# Required action
An exact transcription of all the data is required; the pictures are to be left out.
Provided material Start Marker
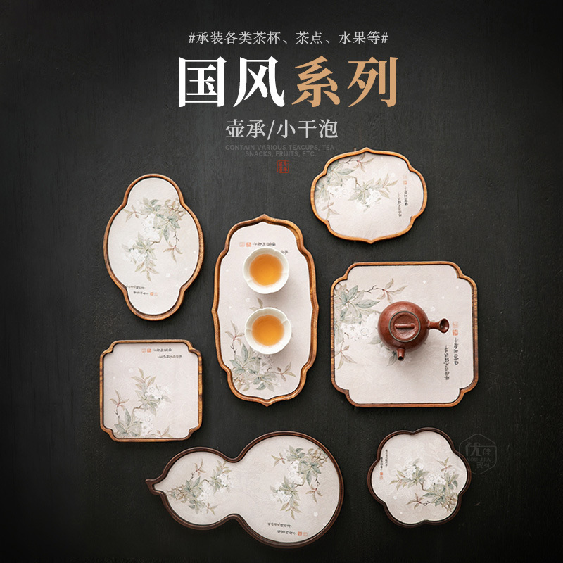 小型胡桃木茶盤茶台精致茶器茶トレー壺承乾泡盤実木乾泡台茶席セット
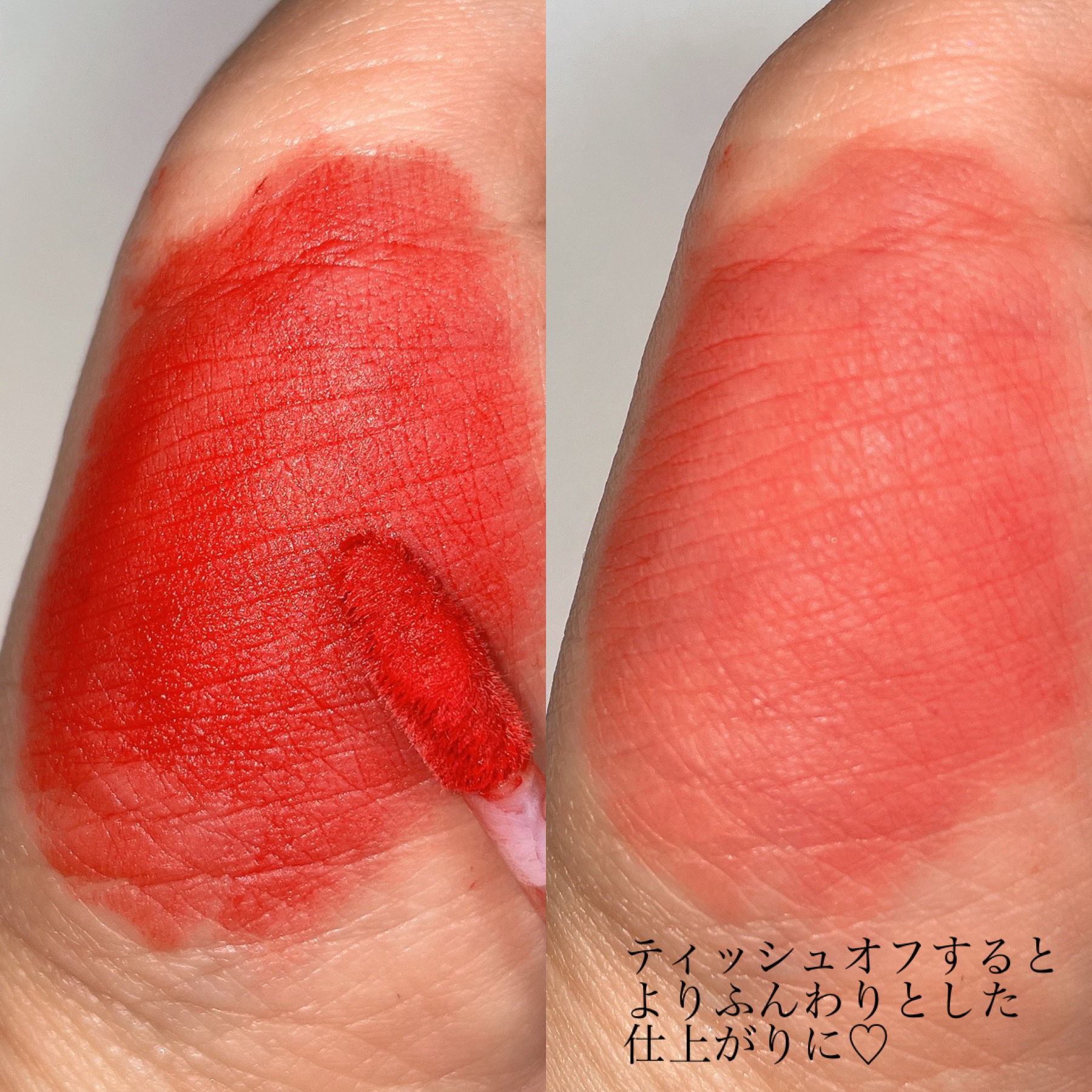 アイテム名にフェアリーとつくだけあって軽い着け心地が特徴的!ムースのようにふわっとしたベルベットティントです かなりの高発色でちょん、と付けるだけでしっかり染まります♥️ティッシュオフはした方が良いです! 101は明るめのレッド春夏向けかな?元気さと可愛さが溢れたカラー🍎 ベルベットティントなだけあって仕上がりはマット寄りでした 持続も良くて塗り直しの時間ないし落としたくない!って日のベースにもおすすめ🙆♀️
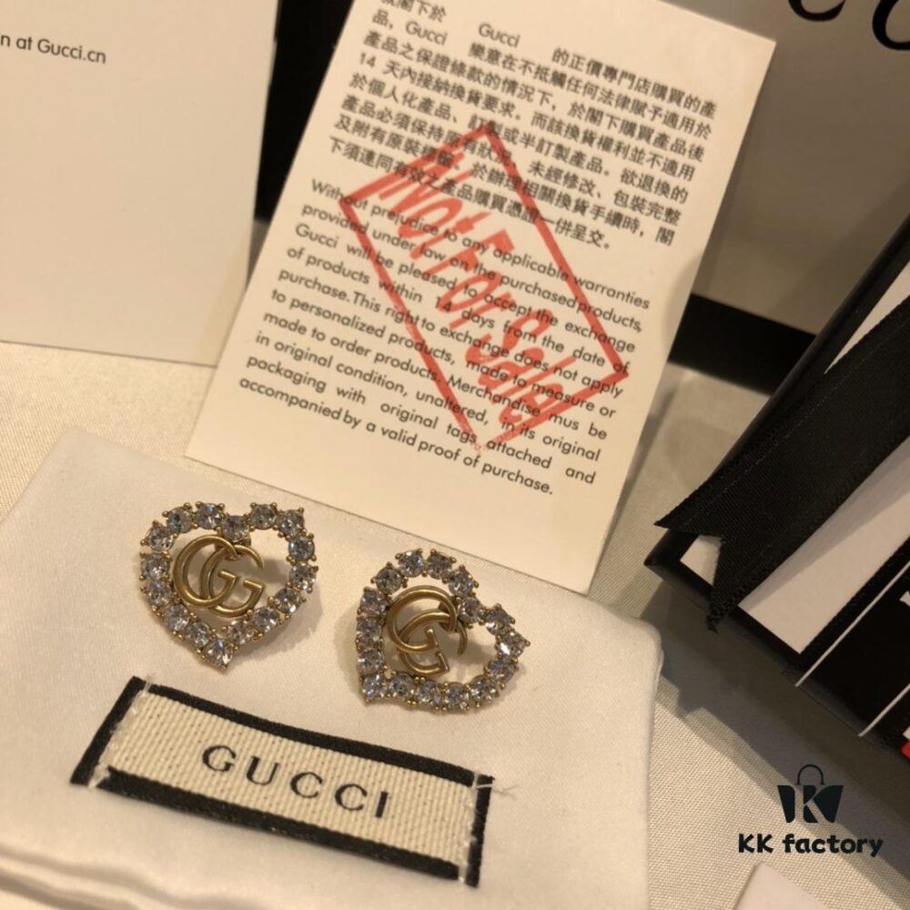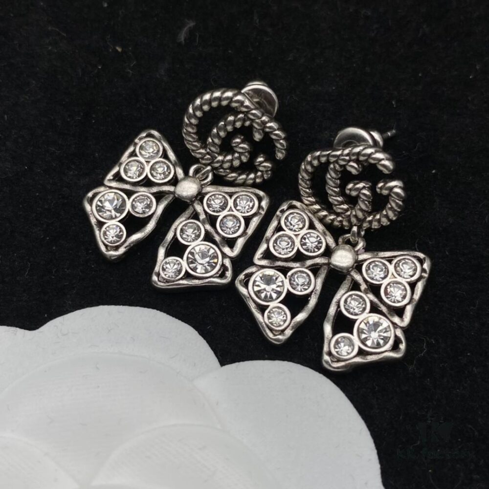 Gucci Double G Bow Diamond-Paved Elegant Stud Earrings 💚
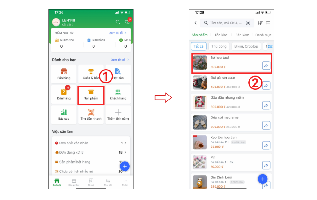 Bước 1: Tại trang chủ của ứng dụng, chọn Sản phẩm (2) > chọn Sản phẩm cần sửa giá (3)
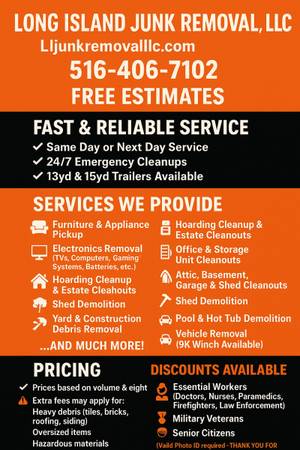 Long Island junk removal, LLC Free estimates Residential / Commercial / Industrial Same day service if not next! Suffolk County, Nassau County, Suffolk, Nassau, Long Island, LI, Riverhead, Stony...
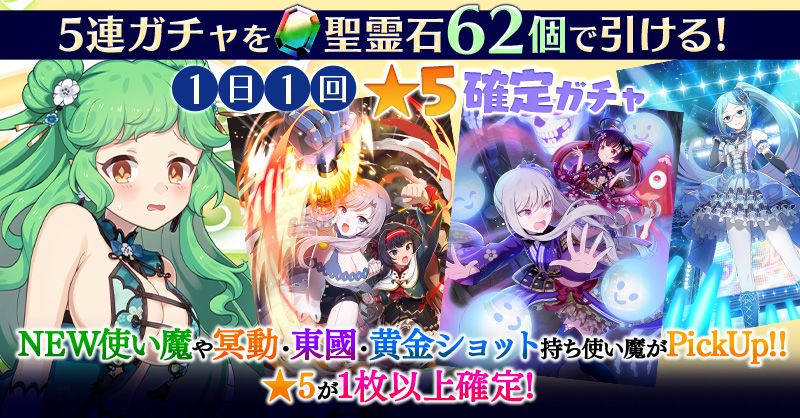 【一部NEW使い魔や冥動・東國・黄金ショット持ち使い魔などがPickUP】1日1回★5確定ガチャ
Provided material End Marker
# Answer to this exercise
 小型胡桃木茶盤茶台精致茶器茶トレー壺承乾泡盤実木乾泡台茶席セット
 アイテム名にフェアリーとつくだけあって軽い着け心地が特徴的!ムースのようにふわっとしたベルベットティントです かなりの高発色でちょん、と付けるだけでしっかり染まります♥️ティッシュオフはした方が良いです! 101は明るめのレッド春夏向けかな?元気さと可愛さが溢れたカラー🍎 ベルベットティントなだけあって仕上がりはマット寄りでした 持続も良くて塗り直しの時間ないし落としたくない!って日のベースにもおすすめ🙆♀️
 Gucci Double G Bow Diamond-Paved Elegant Stud Earrings 💚
 Bước 1: Tại trang chủ của ứng dụng, chọn Sản phẩm (2) > chọn Sản phẩm cần sửa giá (3)
 Long Island junk removal, LLC Free estimates Residential / Commercial / Industrial Same day service if not next! Suffolk County, Nassau County, Suffolk, Nassau, Long Island, LI, Riverhead, Stony...
 【一部NEW使い魔や冥動・東國・黄金ショット持ち使い魔などがPickUP】1日1回★5確定ガチャ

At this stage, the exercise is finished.